IMG_3166Drawing by Rebekah Nagy

blood

A mountain stream inside a breathing sac.  A palm and some garnets.

from Anatomy/Geography/Ethography by Audrey Gidman

 I spent the last week diving into the Body-Mind Centering perspectives on the organs at the Sonder Movement Project, with excellent teachers Amy Matthews, Walburga Glatz and Gloria Desideri.  All week I was entranced by the delicious drawings of fellow student Rebekah Nagy.

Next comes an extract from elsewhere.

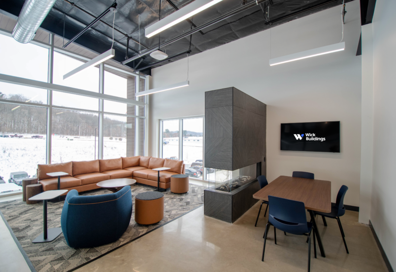 Wick Buildings, a national leader in post‑frame construction with more than 79,000 buildings completed since 1954, is building its next‑generation headquarters and production facility in Mazomanie, WI. Together, BSI and SMART SPACES transformed Wick Buildings’ goals into a cohesive workspace centered on talent attraction, operational excellence, intuitive technology, stronger employee experience, and cultural warmth—including dog‑friendly spaces.

This drawing is of a capillary bed, the microcirculation place where arterial blood transforms into venous blood. It is the place of return and exchange from its long journey from the heart. The fluid that leaks out of the capillaries is known as interstitial fluid. It’s this leaked interstitial fluid that bathes your body cells in nutrients. The interstitial fluid is retrieved by lymphatic vessels, which return it to your bloodstream. Blood from the capillary bed is drained by the venules, which carry blood back toward the heart.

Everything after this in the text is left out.